Biobert
Bioinformatics'2020: BioBERT: a pre-trained biomedical language representation model for biomedical text mining
Install / Use
/learn @dmis-lab/BiobertREADME
BioBERT
This repository provides the code for fine-tuning BioBERT, a biomedical language representation model designed for biomedical text mining tasks such as biomedical named entity recognition, relation extraction, question answering, etc.

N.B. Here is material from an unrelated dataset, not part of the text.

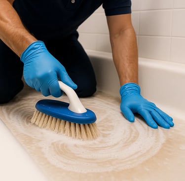 We remove soap scum, residue, and buildup to ensure maximum bonding of the traction-enhancing treatment.

Please refer to our paper BioBERT: a pre-trained biomedical language representation model for biomedical text mining for more details. This project is done by DMIS-Lab.
Download
We provide five versions of pre-trained weights. Pre-training was based on the original BERT code provided by Google, and training details are described in our paper. Currently available versions of pre-trained weights are as follows (SHA1SUM):
- BioBERT-Base v1.2 (+ PubMed 1M) - trained in the same way as BioBERT-Base v1.1 but includes LM head, which can be useful for probing (available in PyTorch)

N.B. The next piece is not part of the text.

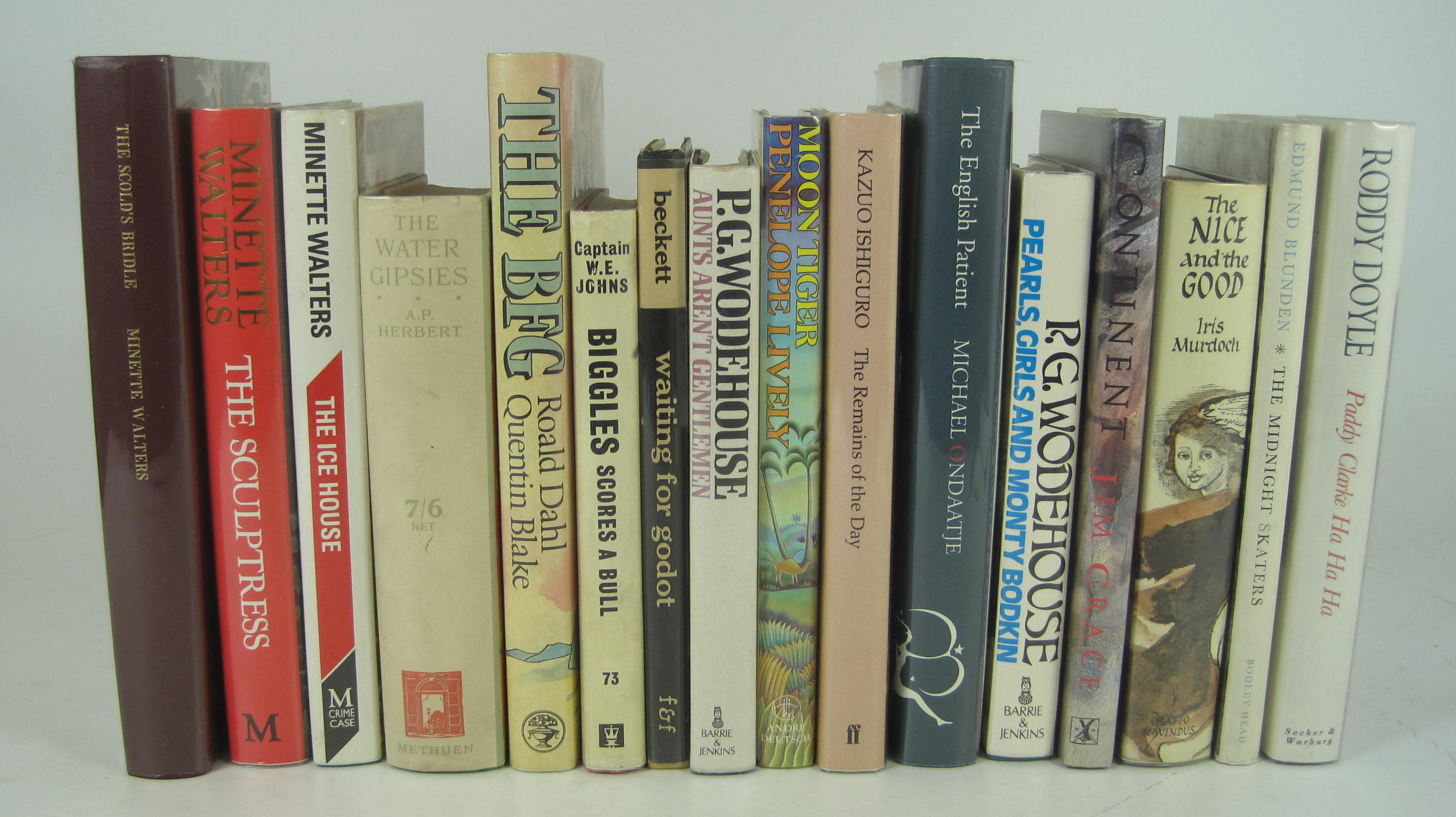 The scold's bridle. Scorpion Press, 1994. Number 72 of 75 copies signed by the author, quarter morocco; Walters, M. The Ice house. 1992. First edition, dustwrapperWalters, M. The sculptress. 1993. First edition, dustwrapper; Herbert, A.P. The water gypsies.1930. First edition, signed by the author, dustwrapper; Dahl, Roald The BFG. J. Cape, 1982. First edition, dustwrapper; Johns, W.E. Biggles scores a bull. 1965. First edition, dustwrapper, front endpaper darkened; Beckett, Samuel Waiting for Godot. 1956. First English edition, dustwrapper, front endpaper darkened; Wodehouse, P.G. Aunts aren't gentlemen. 1974. First edition, dustwrapper, price clipped; Wodehouse, P.G. Pearls, girls and Monty Bodkin. 1972. First edition, dustwrapper; Lively, Penelope Moon Tiger. 1987. First edition, dustwrapper, signed by the author; Ishiguro, Kazuo The remains of the day. 1989. First edition, dustwrapper; Ondaatje, Michael The English patient. 1992. First edition, dustwrapper; Crace, Jim. Continent. 1986. First edition, signed by the author on title, dustwrapper; Murdoch, Iris The nice and the good. 1968. First edition, dustwrapper; Blunden, Edmund The midnight skaters. 1968. Dustwrapper; Doyle, Roddy Paddy Clarke Ha Ha Ha. 1993. First edition, dustwrapper; none price clipped except where noted (16)

- BioBERT-Large v1.1 (+ PubMed 1M) - based on BERT-large-Cased (custom 30k vocabulary), NER/QA Results
- BioBERT-Base v1.1 (+ PubMed 1M) - based on BERT-base-Cased (same vocabulary), Results in the Paper
- BioBERT-Base v1.0 (+ PubMed 200K) - based on BERT-base-Cased (same vocabulary), Results in the Paper
- BioBERT-Base v1.0 (+ PMC 270K) - based on BERT-base-Cased (same vocabulary), Results in the Paper
- BioBERT-Base v1.0 (+ PubMed 200K + PMC 270K) - based on BERT-base-Cased (same vocabulary), Results in the Paper
Note that the performances of v1.0 and v1.1 base models (BioBERT-Base v1.0, BioBERT-Base v1.1) are reported in the paper. Alternately, you can download pre-trained weights from here
Installation
Sections below describe the installation and the fine-tuning process of BioBERT based on Tensorflow 1 (python version <= 3.7). For PyTorch version of BioBERT, you can check out this repository. If you are not familiar with coding and just want to recognize biomedical entities in your text using BioBERT, please use this tool which uses BioBERT for multi-type NER and normalization.
To fine-tune BioBERT, you need to download the pre-trained weights of BioBERT.
After downloading the pre-trained weights, use requirements.txt to install BioBERT as follows:
$ git clone https://github.com/dmis-lab/biobert.git
$ cd biobert; pip install -r requirements.txt
Note that this repository is based on the BERT repository by Google.
All the fine-tuning experiments were conducted on a single TITAN Xp GPU machine which has 12GB of RAM.
You might want to install java to use the official evaluation script of BioASQ. See requirements.txt for other details.
Quick Links
Link | Detail ------------- | ------------- BioBERT-PyTorch | PyTorch-based BioBERT implementation BERN | Web-based biomedical NER + normalization using BioBERT BERN2 | Advanced version of BERN (web-based biomedical NER) w/ NER from BioLM + NEN from PubMedBERT covidAsk | BioBERT based real-time question answering model for COVID-19 7th BioASQ | Code for the seventh BioASQ challenge winning model (factoid/yesno/list) Paper | Paper link with BibTeX (Bioinformatics)
FAQs
- How can I use BioBERT with PyTorch?
- Can I get word/sentence embeddings using BioBERT?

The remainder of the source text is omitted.